Na sexta-feira, o petista começou a mostrar as cartas. Ao deixar a sede da Polícia Federal, ele vestiu um figurino moderado e disse que saía da cadeia “sem ódio”. “Aos 74 anos, meu coração só tem espaço para o amor”, gracejou.
Lula desabafou contra a Lava-Jato e provocou Bolsonaro, mas indicou que seu alvo prioritário será outro: a política econômica de Paulo Guedes. “Depois que eu fui preso, o Brasil não melhorou. O Brasil piorou”, disse.
Na semana em que o governo promoveu um megaleilão do pré-sal, o ex-presidente prometeu “lutar para não permitir que esses caras entreguem o país”. Ele ligou o projeto neoliberal ao aperto na vida dos mais pobres. “O povo tá passando mais fome, o povo tá desempregado, o povo não tem mais trabalho com carteira assinada”, discursou.
Na quarta-feira, o IBGE mostrou que a extrema pobreza cresceu pelo quarto ano seguido e atingiu 13,5 milhões de brasileiros em 2018. A crise foi gestada na gestão de Dilma Rousseff, mas seus efeitos se agravaram depois do impeachment. Isso favorece a tática de comparar o Brasil de hoje com o que ele governou.
Dois dias antes de ser solto, o ex-presidente disse que a esquerda precisa “construir uma narrativa” para voltar ao poder. Em entrevista ao Blog da Cidadania, ele pediu que os petistas “acordem” e parem de morder todas as iscas jogadas pelo clã presidencial.

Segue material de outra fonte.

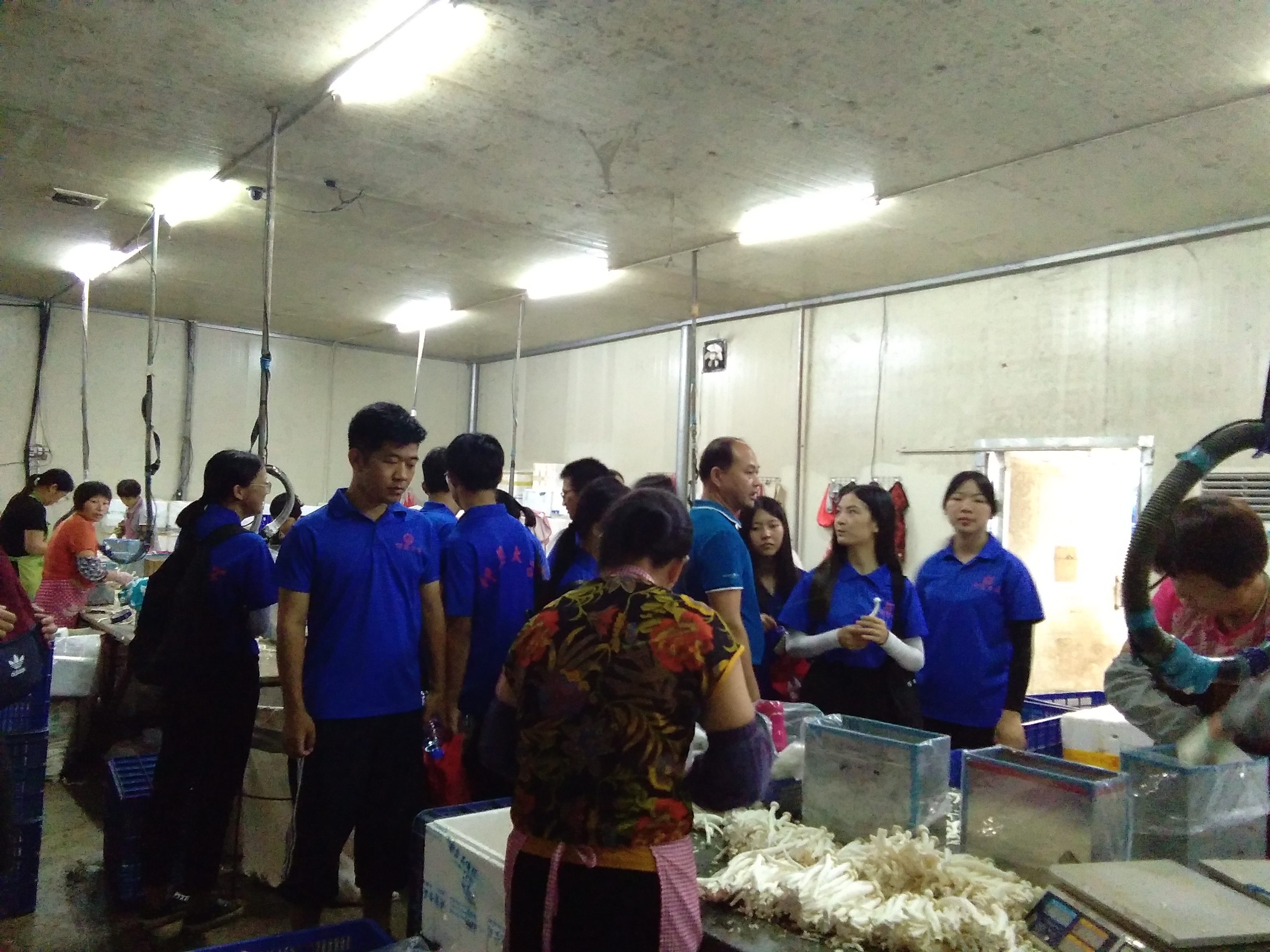 (图为实践队员们参观海鲜菇的生产)
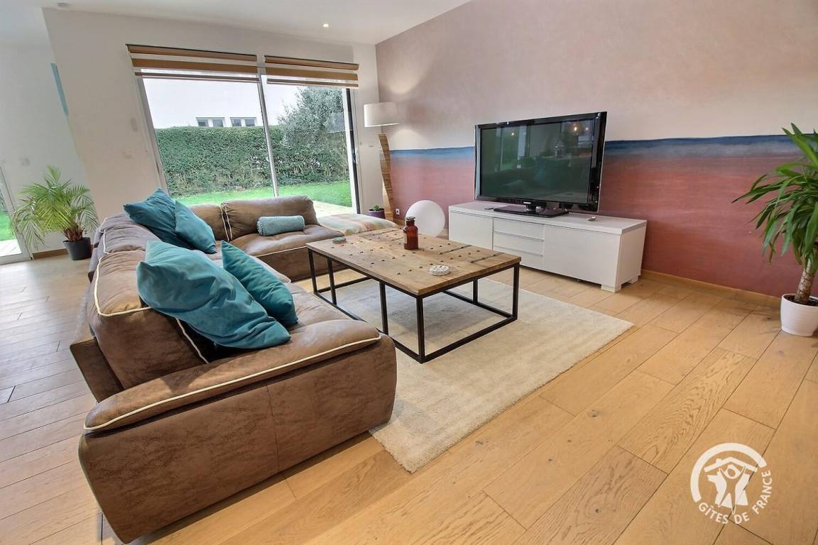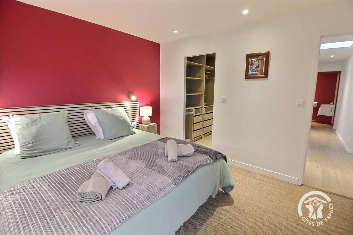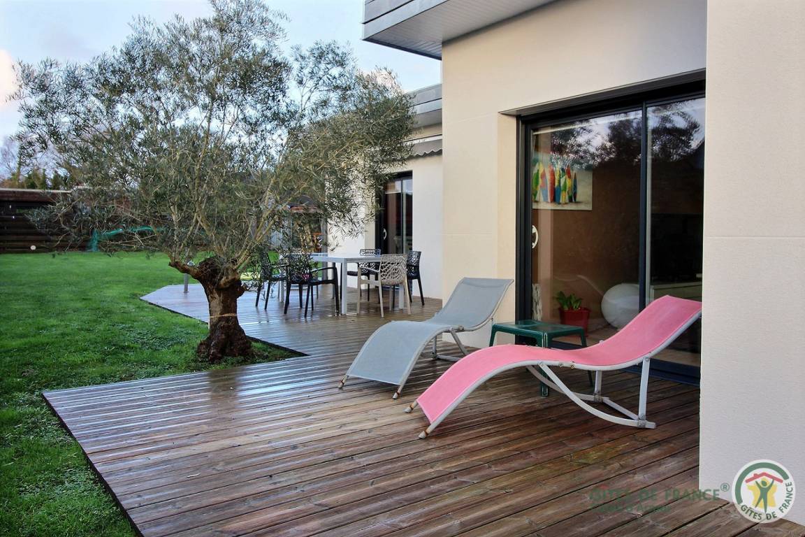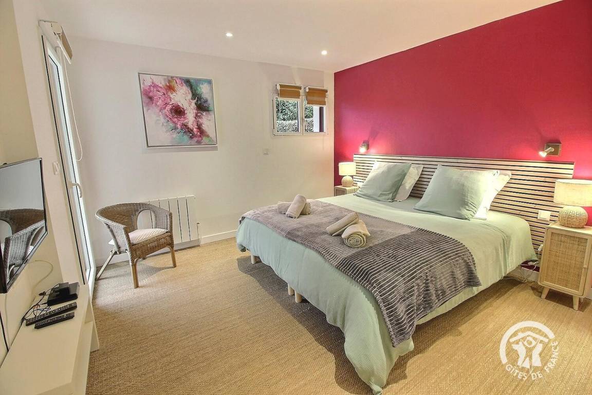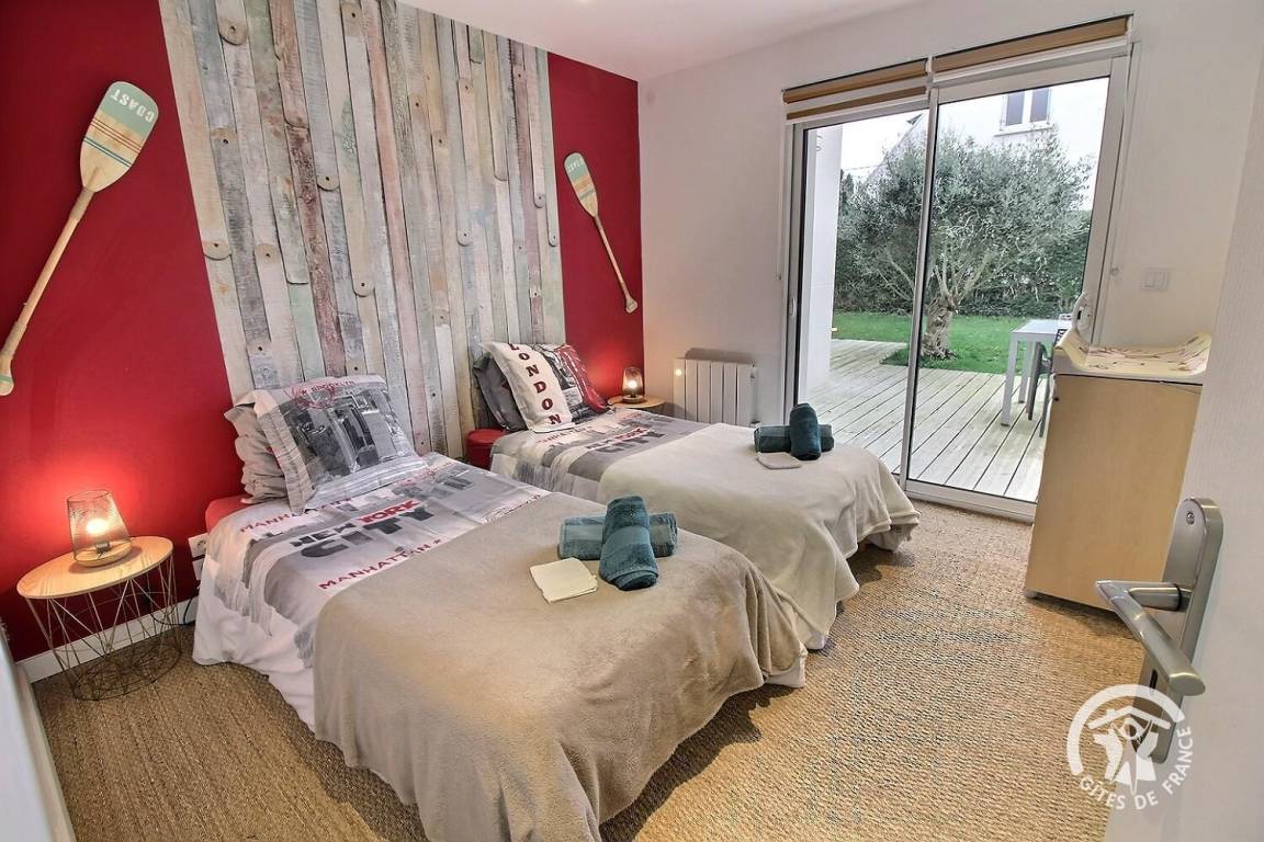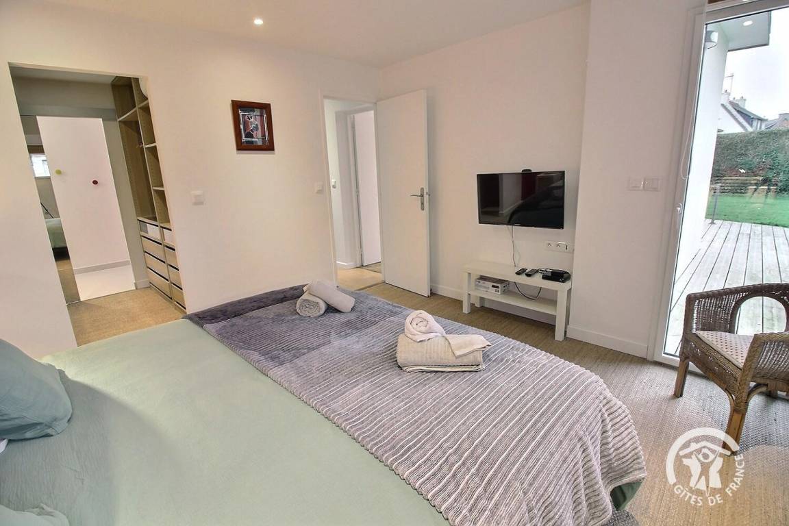 Ihre Ferienwohnung umfasst auf einer Ebene: ein großes Wohnzimmer mit Pelletofen (mitgeliefert) und Küchenbereich, eine Master-Suite (1 Schlafzimmer mit 1 180x200-Bett - das geteilt werden kann - mit TV, ein Ankleidezimmer, das zu seinem Badezimmer führt, Wasser -Dusche, Waschbecken-), ein Schlafzimmer (1 Bett 180x200 - teilbar-), ein Schlafzimmer (2 Betten 90x200 - trennbar-), ein großes Badezimmer mit Dusche und Waschbecken, eine Toilette mit Waschbecken, eine Waschküche /Abstellraum, eine angrenzende Garage (Fahrzeug, Motorrad(er), Ausrüstung etc.). Viele Spiele vor Ort (Tischtennisplatte, Badminton-Kit, ...). Lesungen und Gesellschaftsspiele für alle. Komplette Babyausstattung vor Ort. Ihr Mietobjekt ist nach Südwesten ausgerichtet, was Ihnen tagsüber und abends ein schönes Licht ermöglicht. 400 m² eingezäunter Garten, der das Haus umgibt, mit nach Westen ausgerichteter Holzterrasse von 80 m² und Innenhof von 120 m², bequem zum Parken.

“O grande cancro deste país não é o Bolsonaro”, disse. “Todo dia a gente tá colocando o Bolsonaro nas nossas redes, dizendo que ele falou bobagem aqui, falou bobagem ali. Enquanto isso, o Guedes vai desmontando, vai vendendo”, afirmou.
Depois de tachar o ministro de aliado dos banqueiros, o petista orientou a tropa a estudar seu novo pacote para criticá-lo. “Não discuta do ponto de vista do economês. Discuta do ponto de vista do povo, da mesa do trabalhador”, reforçou.
“Todos os que não gostavam do PT por causa das suas políticas sociais adoram o que está acontecendo no Brasil”, disse o ex-presidente. Ontem, no palanque, ele chamou Guedes de “demolidor de sonhos” e repetiu que suas reformas empobrecem os trabalhadores.
Lula sabe que não tem adversários à esquerda, apesar do esforço de Ciro Gomes para se contrapor ao PT. Seu desafio é reconquistar os eleitores que bandearam para o outro lado em 2018. Gente que se desiludiu com os escândalos de corrupção e o aumento do desemprego, mas não viu a vida melhorar depois da queda de Dilma.
Na volta ao ABC paulista, o ex-presidente subiu o tom contra Bolsonaro e pediu que os brasileiros voltem ás ruas, seguindo o exemplo dos chilenos. Ao mesmo tempo, reconheceu que o rival foi eleito democraticamente e rejeitou articulações para derrubá-lo.
Em dez meses de governo, o capitão brigou com aliados e torrou capital político, mas nunca enfrentou uma oposição organizada. Com Lula livre, o jogo passa a ser outro.